The catechetical instructions of Cyril of Jerusalem (d. 386) especially his five mystagogical treatises, on the Apostles' Creed and the three sacraments of Baptism, Confirmation, and the Holy Eucharist, contain an almost complete dogmatic treatise. Ambrose (d. 397) in his chief works: "De fide", "De Spiritu S.", "De incarnatione", "De mysteriis", "De poenitentia", treated the main points of dogma in classic Latin, though without any attempt at a unifying synthesis. Augustine of Hippo (d. 430) wrote one or two works, as the "De fide et symbolo" and the "Enchiridium", which are compendia of dogmatic and moral theology, as well as his speculative work De Trinitate.

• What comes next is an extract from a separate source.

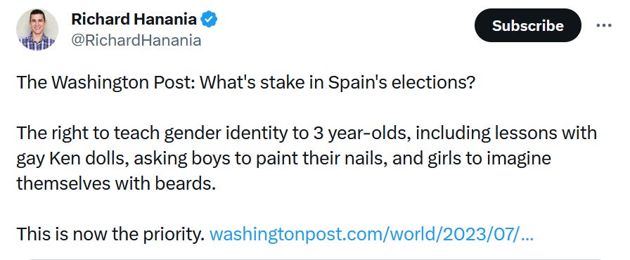 Explaining what the "woke" Spanish party is to Richard Hanania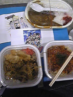 シェイクスピア全く判んないんですけど(成歩堂に詳しく訊きたい。悲劇とか興味無いですし) 観客参加型です。 只今、休憩中。 七帆さん腰細っ!足細っ!ヘソっ!ジュリエット役可愛いですぅ(≧△≦) ジュリエットはヘソ出してません。今日来るまで七帆さんが何の役か知らなかったです。(←バカ) ロミオ(人形)とジュリエットの声分け素晴らしいです。 ハムレット役の玉野さんへの元ジェンヌさんからのお花 文の途中で休憩終了になりました(^^A; いえ、お花が多いなぁと思ったら、ヅカの先生やってたようで……。 あぁ、そういう繋がりですか☆七帆さん教え子。 マッスルミュージカルが前から観てみたいとは思っていた……。 しかし!それが此処で(小規模ですが)見れるなんて! それに七帆さんの可愛い姿が見れて、歌聞けて、腹から笑えて、8000円なんて、なんて安いの!と思ってしまいました。 こんなんだったら、誰か誘えば良かった……。でもチケ代がチケ代だし、日付が日付だし、誘い辛いかったんですよ~。 劇場で、29日に一体どれだけの人が同じ空気を吸う事になるんだろう?とか、思いました……。 「今日で何回目」「えーっと●日と●日と観て~」とか言う会話聞いて、金持ちだなぁ~と思った。 この一回が日付的とヲタ予算的にギリギリ。 下右から:REBORN! ボンゴレファミリー秘伝ツナ入りミートソーススパゲッティ。同じく イーピンとランボの餃子牛丼セット。 上:べるぜバブ 石矢魔高校購買部ヤンキーカレー。 見事に主食オンリーですねぇ☆……甘い物食べたかったけど、無理!銀魂行くの無理( ̄▽ ̄;)昨日から人気です☆ 朝食に、乗り換え途中で吉野家のハムエッグ納豆定食食べたのにねー☆(出掛ける前に納豆食すって、女としてどーなのさ?) はいっ☆今日も幕張メッセにいます☆(^O^)/ あっ、昨夜の仕事の休憩は寝てました。ご飯食べてません。 今日はねー、昨日より更に杉山さん見れないんですよ~。でも、来てます。どーせ東京行くんだし、どーせなら行っとこうぜ!って感じですよ~。 今日は竹ぽん(竹本英史さん)観てから、スクリーンで宝塚観て来ますねぇ☆

Cyril of Alexandria was a model for later dogmatic theologians on the topics of Trinity and Christology.

Towards the end of the Patristic Age, Isidore of Seville collected the writings of Western church fathers in his Libri III sententiarum seu de summo bono, and John Damascene did the same in the East with his Fons scientiae.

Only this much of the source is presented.